Defendant finally argues that since the Department’s theory of liability asserted at trial was based on derivative liability under section 13 V2, the trial court erred in imposing primary liability on its own initiative for the period in which the corporation was not in existence. The trial court, it is claimed, committed reversible error in going beyond the allegations of the complaint to hold defendant personally liable. We note that the Department had undoubtedly known for years about the “defective” incorporation; we thus find it difficult to understand why it never took the simple step of moving to amend the complaint to change its theory of recovery accordingly.
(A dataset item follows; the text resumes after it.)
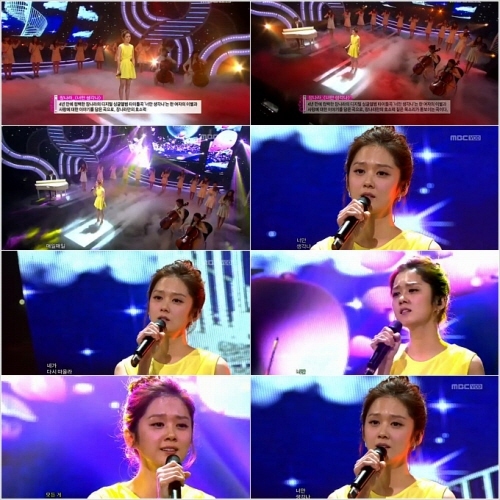 4년 만의 컴백 무대 위에서 아름답고 절제된 여성미를 보여주고 있는 장나라가 내추럴한 긴 웨이브 헤어를 단정하게 묶고 노란색 짧은 민소매 원피스를 입어 달달한 '노란 봄 처녀'의 모습을 연출했다.
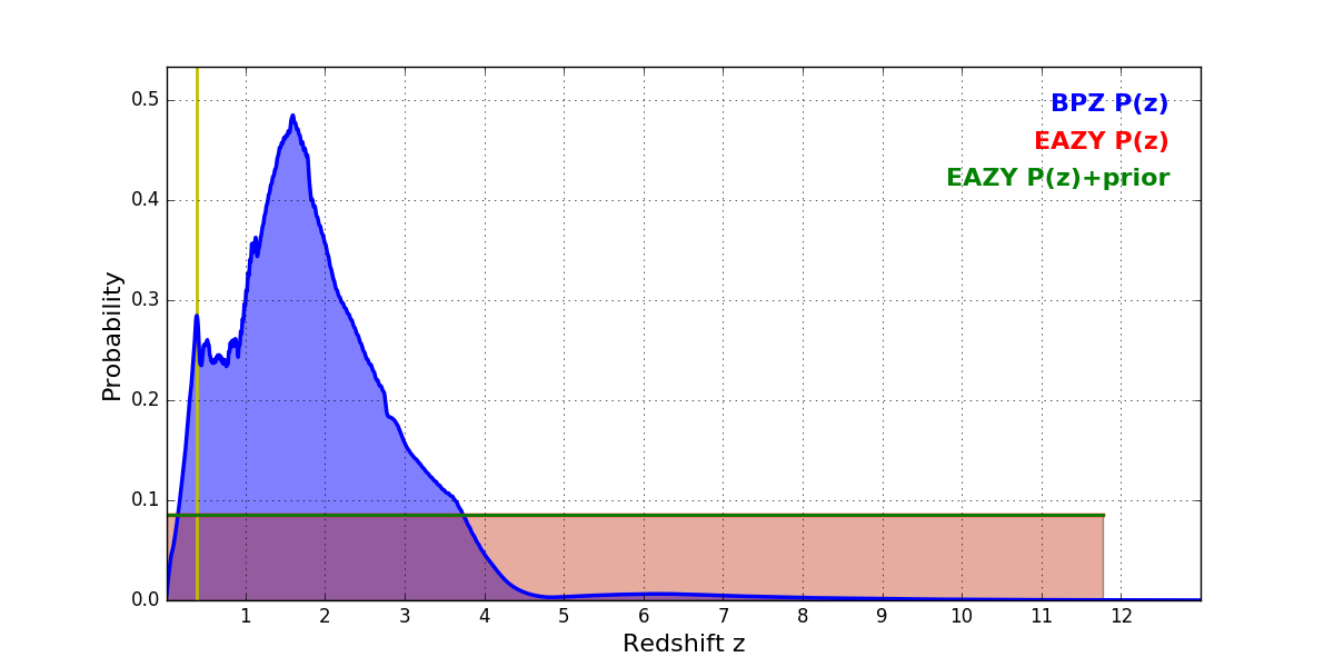 In P(z) plots: Yellow lines mark the cluster redshift z = 0.390,

However, this oversight need not be fatal to the Depart*1056ment’s position. This court can affirm a judgment even though it is based on incorrect reasoning as long as there are other valid reasons of record to support the judgment. (Bell v. Louisville & Nashville R.R. Co. (1985), 106 III. 2d 135, 478 N.E.2d 384.) In 1968, defendant advised the Department that he was conducting business under the name “Roman S. Dombrowski Enterprises, Inc.,” and his ROT returns were filed under this designation. In such circumstances, defendant should be estopped from denying corporate tax liability. (W. Fletcher, Private Corporations §3986 (1982).) Alternatively, corporate tax liability can be imposed under the doctrine of the de facto corporation. (Gunggoll v. Outer Drive Athletic Club (1932), 349 Ill. 406, 182 N.E. 409; see also United States Fidelity & Guaranty Corp. v. Putzy (N.D. Ill. 1985), 613 F. Supp. 594; Fletcher, §§3761, 3776 through 3777 (1982).) Thus, derivative liability can be properly imposed under section 13V2 for the tax periods before valid incorporation occurred in January 1972.

We recognize that there is some speculation that section 2.15 of the Business Corporation Act of 1983 (Ill. Rev. Stat. 1987, ch. 32, par. 2.15) and similar statutes have done away with the de facto corporation and estoppel concepts. See Fletcher, section 3762.1 (1982), citing section 2.15 of the Illinois Business Corporation Act, which states:

“Upon the issuance of the certificate of incorporation by the Secretary of State, the corporate existence shall begin, and such certificate of incorporation shall be conclusive evidence, except as against the State, that all conditions precedent required to be performed by the incorporators have been complied with and that the corporation has been incorporated under this Act.” (Ill. Rev. Stat. 1987, ch. 32, par. 2.15.)

However, no Illinois decision has adopted Fletcher’s conclusion. See also Putzy, which implicitly assumes that the concept of the de facto corporation is still operable under Illinois law.

For the foregoing reasons, the judgment of the circuit court is affirmed.

Affirmed.

DiVITO, P.J., and BILANDIC, J., concur.